Below are entries; repeat exactly, and nothing else, the lines from the one holding "Anyway, we got" through the one holding "2. Install the", inclusive. Leave the pictures out.

• Data for processing:

========================================

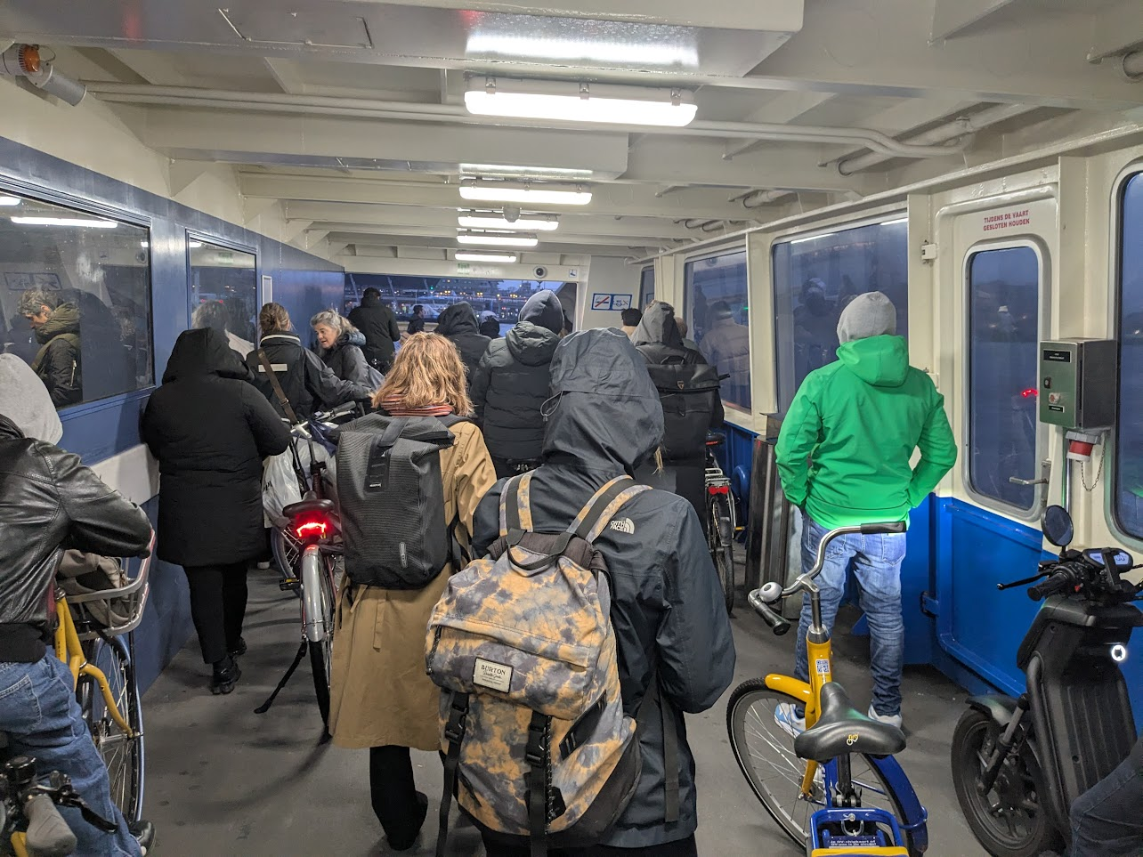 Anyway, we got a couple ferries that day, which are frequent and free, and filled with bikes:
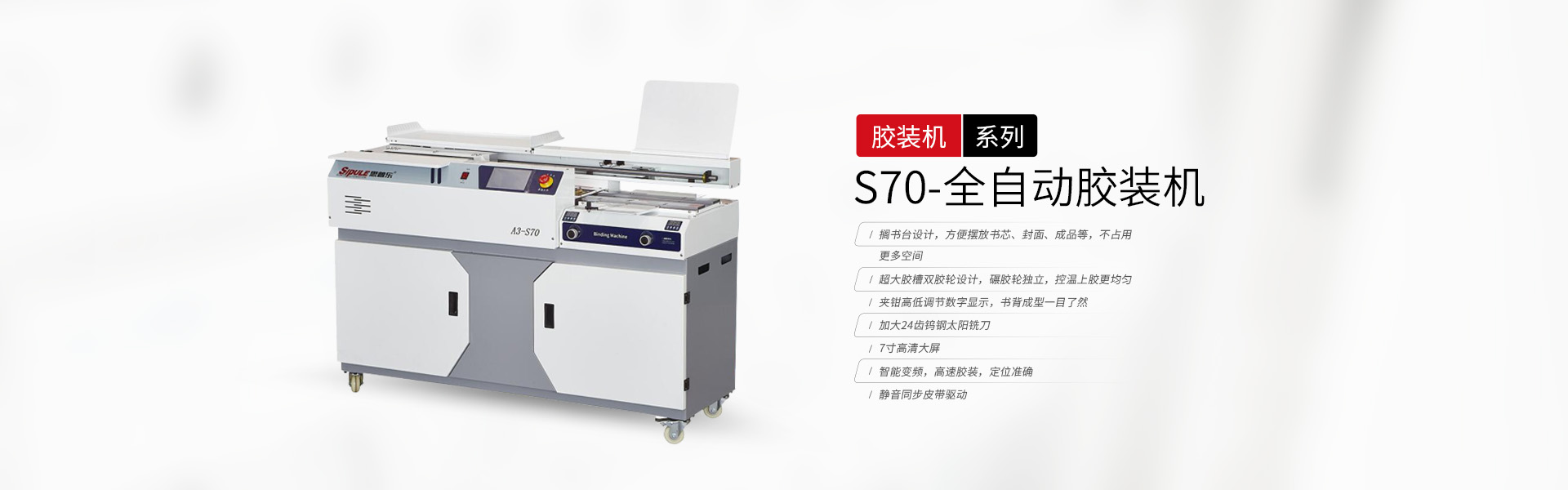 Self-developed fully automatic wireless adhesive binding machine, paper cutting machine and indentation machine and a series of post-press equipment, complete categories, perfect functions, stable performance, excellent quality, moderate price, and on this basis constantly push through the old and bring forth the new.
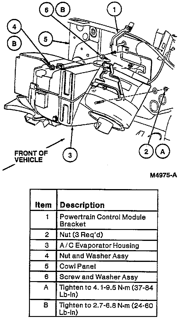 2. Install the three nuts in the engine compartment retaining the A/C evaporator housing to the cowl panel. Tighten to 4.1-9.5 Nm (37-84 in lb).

========================================

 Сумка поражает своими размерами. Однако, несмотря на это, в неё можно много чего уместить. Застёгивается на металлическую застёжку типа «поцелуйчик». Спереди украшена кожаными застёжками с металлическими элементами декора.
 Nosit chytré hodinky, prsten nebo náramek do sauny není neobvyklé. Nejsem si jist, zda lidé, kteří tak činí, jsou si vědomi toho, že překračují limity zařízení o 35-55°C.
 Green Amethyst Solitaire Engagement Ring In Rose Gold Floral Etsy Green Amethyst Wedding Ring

========================================

• Finished task:
 Anyway, we got a couple ferries that day, which are frequent and free, and filled with bikes:
 Self-developed fully automatic wireless adhesive binding machine, paper cutting machine and indentation machine and a series of post-press equipment, complete categories, perfect functions, stable performance, excellent quality, moderate price, and on this basis constantly push through the old and bring forth the new.
 2. Install the three nuts in the engine compartment retaining the A/C evaporator housing to the cowl panel. Tighten to 4.1-9.5 Nm (37-84 in lb).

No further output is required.